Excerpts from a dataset
=== Begin Enclosure ===

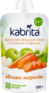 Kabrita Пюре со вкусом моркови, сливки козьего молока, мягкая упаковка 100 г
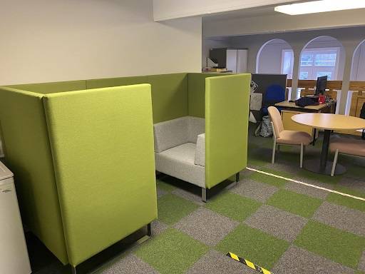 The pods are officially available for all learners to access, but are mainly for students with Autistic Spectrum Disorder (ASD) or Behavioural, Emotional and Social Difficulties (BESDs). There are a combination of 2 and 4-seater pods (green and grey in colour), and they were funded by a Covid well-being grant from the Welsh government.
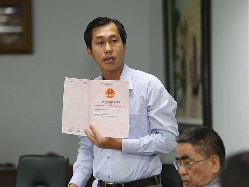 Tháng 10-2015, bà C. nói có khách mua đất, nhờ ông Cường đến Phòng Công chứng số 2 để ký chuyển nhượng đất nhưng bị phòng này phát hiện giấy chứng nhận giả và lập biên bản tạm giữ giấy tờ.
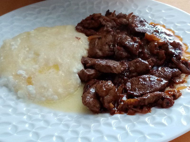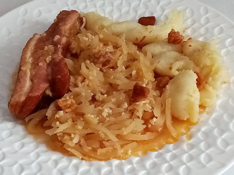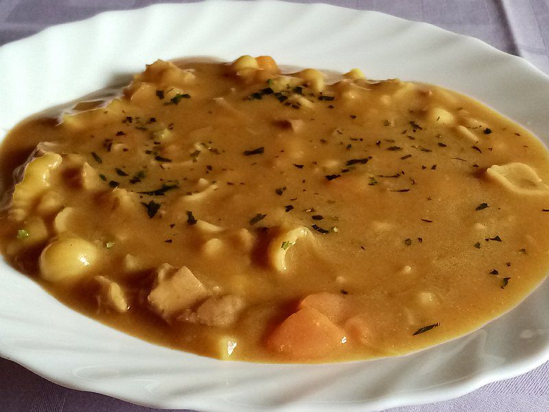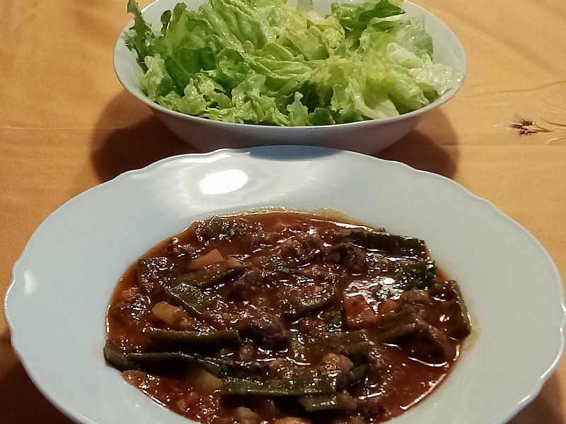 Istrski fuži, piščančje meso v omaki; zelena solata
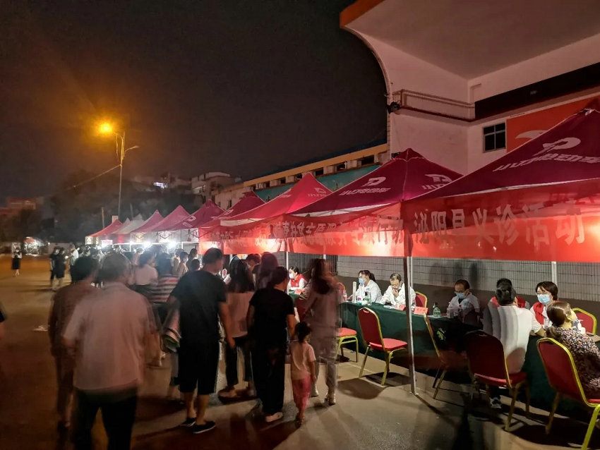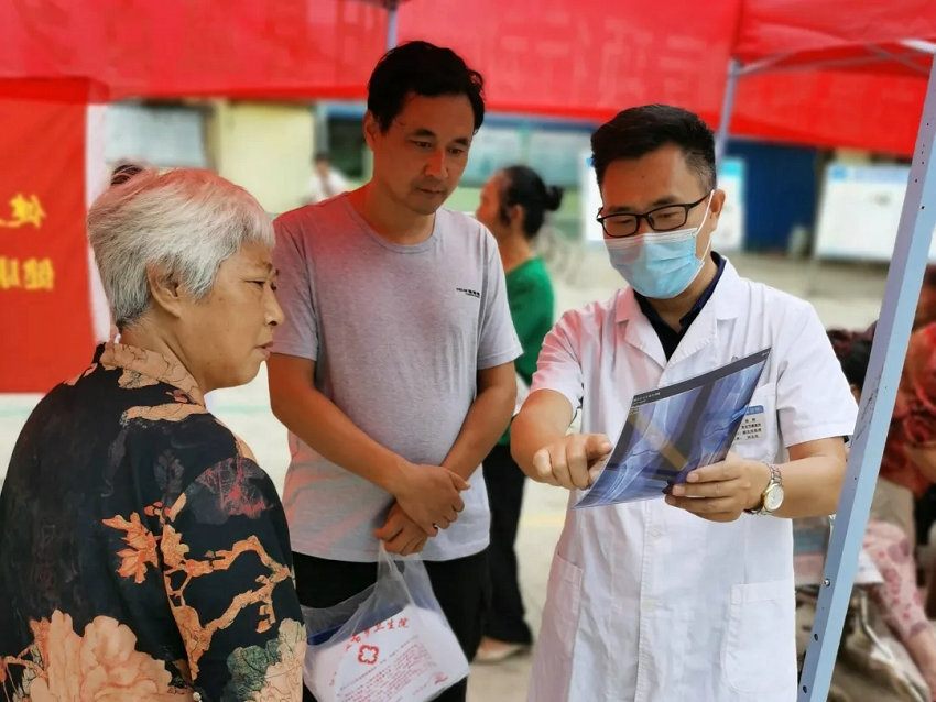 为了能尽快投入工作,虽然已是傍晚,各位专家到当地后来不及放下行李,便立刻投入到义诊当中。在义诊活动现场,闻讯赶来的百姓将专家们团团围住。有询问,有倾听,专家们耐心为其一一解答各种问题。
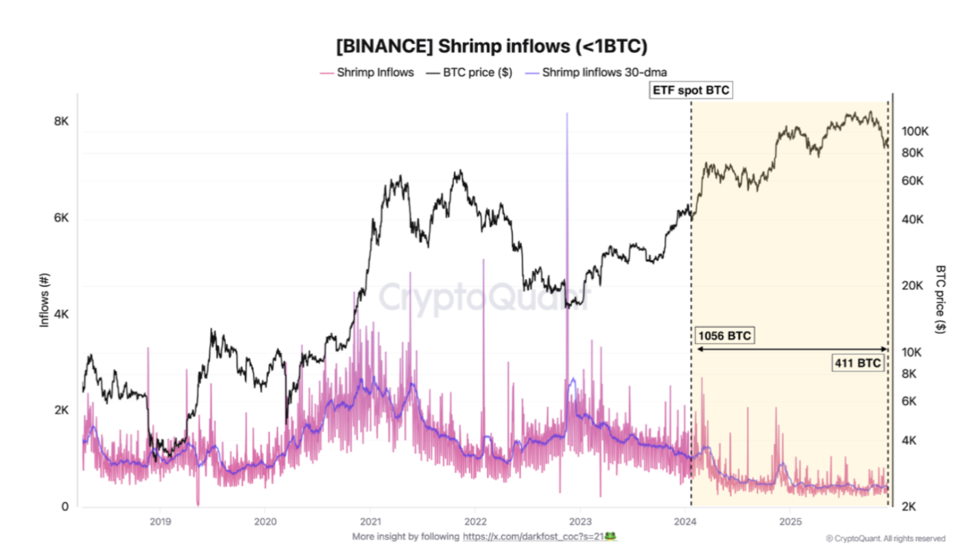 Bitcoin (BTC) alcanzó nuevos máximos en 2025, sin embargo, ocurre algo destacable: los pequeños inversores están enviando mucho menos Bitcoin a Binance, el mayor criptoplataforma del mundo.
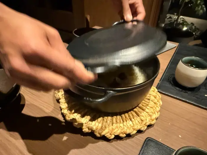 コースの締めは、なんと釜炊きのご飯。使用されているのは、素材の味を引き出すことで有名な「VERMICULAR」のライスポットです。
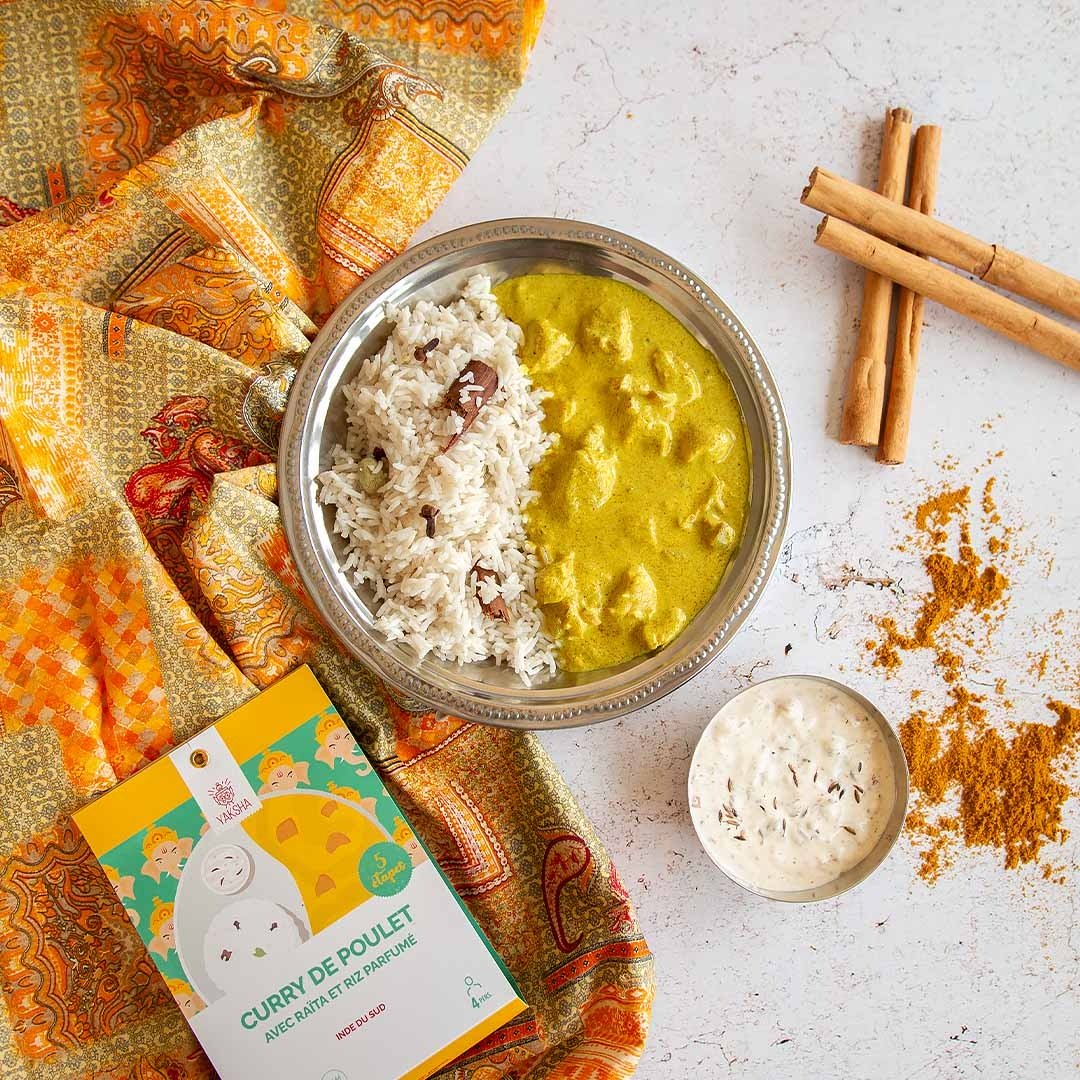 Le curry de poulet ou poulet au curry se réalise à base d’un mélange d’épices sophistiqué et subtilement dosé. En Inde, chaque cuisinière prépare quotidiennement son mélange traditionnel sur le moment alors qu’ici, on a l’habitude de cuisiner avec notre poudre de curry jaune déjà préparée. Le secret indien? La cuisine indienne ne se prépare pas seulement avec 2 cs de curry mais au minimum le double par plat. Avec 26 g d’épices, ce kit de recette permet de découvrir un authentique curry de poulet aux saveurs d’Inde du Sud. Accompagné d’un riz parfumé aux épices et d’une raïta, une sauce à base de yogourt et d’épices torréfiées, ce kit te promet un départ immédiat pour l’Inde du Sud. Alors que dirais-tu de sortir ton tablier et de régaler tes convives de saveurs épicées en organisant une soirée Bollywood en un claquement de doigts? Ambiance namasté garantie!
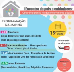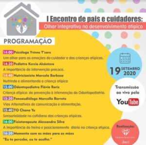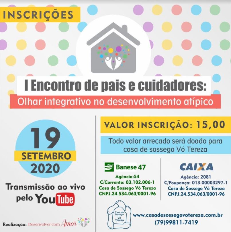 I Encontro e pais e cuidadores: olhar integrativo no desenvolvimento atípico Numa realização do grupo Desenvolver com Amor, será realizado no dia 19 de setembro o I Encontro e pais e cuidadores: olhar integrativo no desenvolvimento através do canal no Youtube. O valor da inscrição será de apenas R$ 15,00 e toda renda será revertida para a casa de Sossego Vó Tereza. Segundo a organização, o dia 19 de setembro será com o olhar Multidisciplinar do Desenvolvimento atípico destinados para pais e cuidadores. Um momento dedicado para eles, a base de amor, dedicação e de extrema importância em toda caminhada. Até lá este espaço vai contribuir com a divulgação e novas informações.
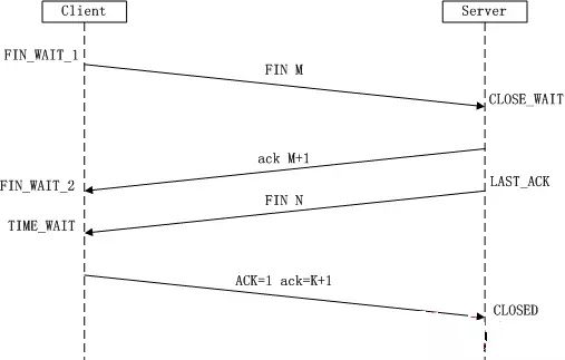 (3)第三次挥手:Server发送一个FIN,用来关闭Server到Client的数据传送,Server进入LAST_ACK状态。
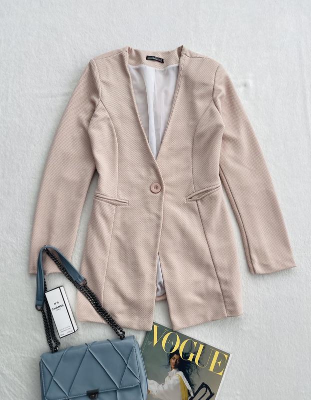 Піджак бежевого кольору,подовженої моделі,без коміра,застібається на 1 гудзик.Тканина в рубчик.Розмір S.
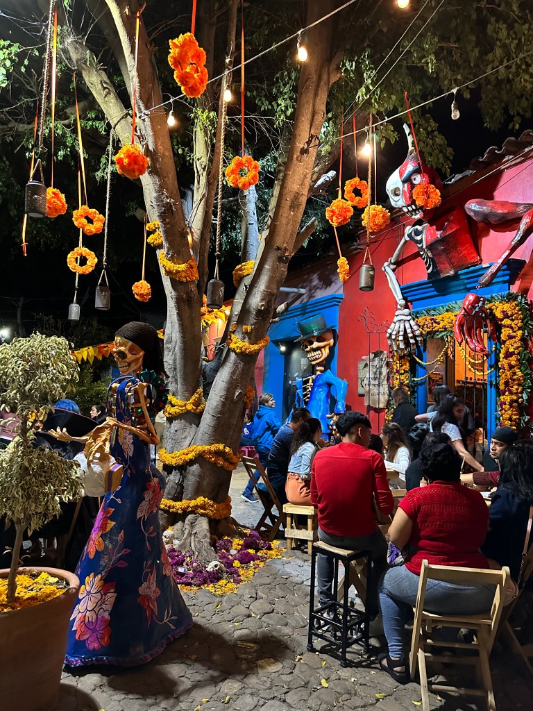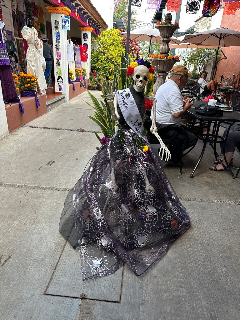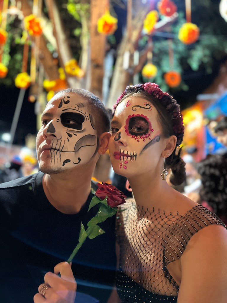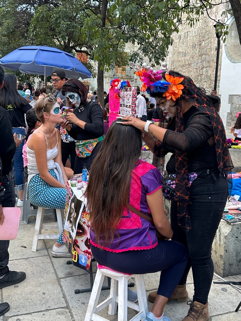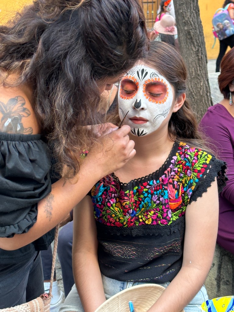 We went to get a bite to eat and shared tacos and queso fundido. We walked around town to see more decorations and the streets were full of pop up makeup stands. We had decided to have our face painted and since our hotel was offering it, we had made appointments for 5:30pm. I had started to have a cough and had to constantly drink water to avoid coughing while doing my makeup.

=== End Enclosure ===

What is expected:
Each line above starting at the one holding "Tháng 10-2015, bà" and ending at the one holding "e novas informações." should be set down exactly as it stands, both ends included, with no pictures.

Output below:
 Tháng 10-2015, bà C. nói có khách mua đất, nhờ ông Cường đến Phòng Công chứng số 2 để ký chuyển nhượng đất nhưng bị phòng này phát hiện giấy chứng nhận giả và lập biên bản tạm giữ giấy tờ.
 Istrski fuži, piščančje meso v omaki; zelena solata
 为了能尽快投入工作,虽然已是傍晚,各位专家到当地后来不及放下行李,便立刻投入到义诊当中。在义诊活动现场,闻讯赶来的百姓将专家们团团围住。有询问,有倾听,专家们耐心为其一一解答各种问题。
 Bitcoin (BTC) alcanzó nuevos máximos en 2025, sin embargo, ocurre algo destacable: los pequeños inversores están enviando mucho menos Bitcoin a Binance, el mayor criptoplataforma del mundo.
 コースの締めは、なんと釜炊きのご飯。使用されているのは、素材の味を引き出すことで有名な「VERMICULAR」のライスポットです。
 Le curry de poulet ou poulet au curry se réalise à base d’un mélange d’épices sophistiqué et subtilement dosé. En Inde, chaque cuisinière prépare quotidiennement son mélange traditionnel sur le moment alors qu’ici, on a l’habitude de cuisiner avec notre poudre de curry jaune déjà préparée. Le secret indien? La cuisine indienne ne se prépare pas seulement avec 2 cs de curry mais au minimum le double par plat. Avec 26 g d’épices, ce kit de recette permet de découvrir un authentique curry de poulet aux saveurs d’Inde du Sud. Accompagné d’un riz parfumé aux épices et d’une raïta, une sauce à base de yogourt et d’épices torréfiées, ce kit te promet un départ immédiat pour l’Inde du Sud. Alors que dirais-tu de sortir ton tablier et de régaler tes convives de saveurs épicées en organisant une soirée Bollywood en un claquement de doigts? Ambiance namasté garantie!
 I Encontro e pais e cuidadores: olhar integrativo no desenvolvimento atípico Numa realização do grupo Desenvolver com Amor, será realizado no dia 19 de setembro o I Encontro e pais e cuidadores: olhar integrativo no desenvolvimento através do canal no Youtube. O valor da inscrição será de apenas R$ 15,00 e toda renda será revertida para a casa de Sossego Vó Tereza. Segundo a organização, o dia 19 de setembro será com o olhar Multidisciplinar do Desenvolvimento atípico destinados para pais e cuidadores. Um momento dedicado para eles, a base de amor, dedicação e de extrema importância em toda caminhada. Até lá este espaço vai contribuir com a divulgação e novas informações.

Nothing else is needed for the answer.